When Joshua Harris was just 21, he wrote I Kissed Dating Goodbye. The book sold more than a million copies and some Christians followed it almost as if it were gospel.
A couple of years ago, Harris left the American megachurch he had been pastoring and moved his family to Vancouver. Studying at Regent College, he says he has been confronted by many new ideas and is reevaluating the outlook presented in his best-seller of 20 years ago..
That process of reevaluation has broadened since Harris met Jessica Van Der Wyngaard at Regent. She was deeply influenced by I Kissed Dating Goodbye as a teenager, but came to question its message as she matured.
Together they have decided to produce a film – I Survived I Kissed Dating Goodbye – which will reassess the book and its influence. They have just launched a Kickstarter campaign to fund the film.
Following is the premise for the project:
In 1997 a 21 year old single Christian wrote a revolutionary book on dating. This book would go on to be an international bestseller and catapult its unsuspecting author, Joshua Harris, into the Christian spotlight. I Kissed Dating Goodbye “turned the Christian singles scene upside down” and continues to shape the consciousness of how Christians view singleness, dating and the roadmap to marriage.
Through the connective platform of social media, Harris has been dealt a battering of online criticism from disenchanted Christians in recent years. Some have lashed out at Harris directly for I Kissed Dating Goodbye and others have set up websites dedicated to Harris’ “victims.”
Many online have called for Joshua Harris to apologize for what they believe was hurtful teaching, while others are applauding him for his stance and encouraging him to stand his ground. Harris has felt pressure from all sides to do or say something.
In this documentary, we see Joshua Harris finally ready to speak out about I Kissed Dating Goodbye, 20 years on.
To gain a fuller sense of Harris’s motivation for reassessing the book, check out his July 10, 2016 interview on NPR (partial transcript here, his YouTube account, accompanied by many comments, both positive and negative, from people who had read and been influenced by the book here).
Harris described the book in this way during the interview:
The idea of the book is that a lot of times, in dating, we play a lot of games with each other. We hurt each other, we get into relationships when we’re not really ready to pursue commitment. So the idea behind the book is that it might be a good idea to take a break from the dating game for certain people, and to enjoy friendships and build relationships that way, but not pursue a bunch of short-term romantic relationships. All that coming from a Christian perspective, and saying we should be loving each other as God tells us to love one another.
Interviewer Rachel Martin said “Joshua Harris has been reflecting a lot on the impact of his book. He’s heard from people who felt his writing taught them to be ashamed of their bodies and to feel guilty for having any sexual desires.” . . .
Harris responded:
I think I’m finally at a place where I’m really trying to listen to those voices.
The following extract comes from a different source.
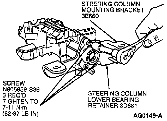 1. Install steering gear input worm gear and rack into steering actuator housing.2. Install lower steering column bearing and steering column mounting bracket. Tighten screws to 7-11 Nm (62-97 inch lbs).

And I think it’s taken time for the consequences of the way that people applied the book and the way the book affected people to play out. And so I’m hearing these different voices saying, here’s how your book was used against me, here’s how it was forced on me, or here’s how I tried to – no one forced it on me – but I tried to apply it and it had this negative consequence in different ways.
I’m trying to go back and really evaluate, you know, where did my book contribute to that? Where was it too stringent? And where was that me and what I was writing, and where was that – the families and the church cultures and so on? So I feel like I’m on the front end of a process to help people in some way if I can apologize where needed and reevaluate where needed.
Van Der Wyngaard, director and producer of I Survived I Kissed Dating Goodbye, said on the Kickstarter site:
Like many of you, I read I Kissed Dating Goodbye when I was a teenager. At the time it had a profoundly positive impact on me. While I was still in high school and beginning life as a young adult, its teachings made total sense. I was part of a church culture that was also affected by the influence of the “anti-dating” craze that was sweeping the (evangelical) church at large, thanks to I Kissed Dating Goodbye.
As a single Christian female approaching 30 I began to question the effectiveness of the book’s teachings in my own life. I was doing everything right, where was my future husband? Despite having these questions I stayed connected to church and my Christian friends. Together we’d often vent our frustrations at the church on how it was handling, or not handling, issues facing their growing single demographic.
It was during this time that I began my MA in Theological Studies at Regent College. Also at this time I felt compelled to respond to the growing frustrations I saw in my fellow believers who grew up reading books such as I Kissed Dating Goodbye and were now feeling let down by its teachings.
I wanted to make a documentary so a greater spectrum of Christian voices could be heard on this important topic that affects all of us.
Thanks to the divine timing of God, Joshua Harris found himself also at Regent College at precisely the time I was considering making such a film.
After several months of being casual acquaintances at school, I shared my vision for this documentary with Joshua.
I could not think of a better conversation partner for the audience than Joshua, this influential author of the book we all remember from our teen years!
And here Joshua Harris found himself reflecting on the impact his book had on a generation, and how he inadvertently shaped Christian sexuality. After several months of consideration, Joshua agreed to help bring this documentary to life.
Overseeing the project will be professor Iwan Russell-Jones, who joined Regent College with more than 25 years of experience as a producer and director for the BBC. He recently completed the Making Peace with Creation documentary in partnership with retired Regent professor Loren Wilkinson.
The Kickstarter campaign aims to raise $50,000 by August 5 to support the project; go here for the full story.
I have no interest in supporting this endeavour and Josh Harris should not be profiting in any way from how he ruined thousands of lives. The title should be “I’m sorry for writing I Kissed Dating Goodbye.”
What he did was not create a fun amusement park ride that is “survived.” What he did was cause countless single men to leave the legalistic environment that he helped create/support through his book and other actions and in its wake were thousands of single women left alone without the prospect of husbands. Those women did not “survive” IKDG, they are still facing the ramifications of being single in their 30s, 40s and 50s.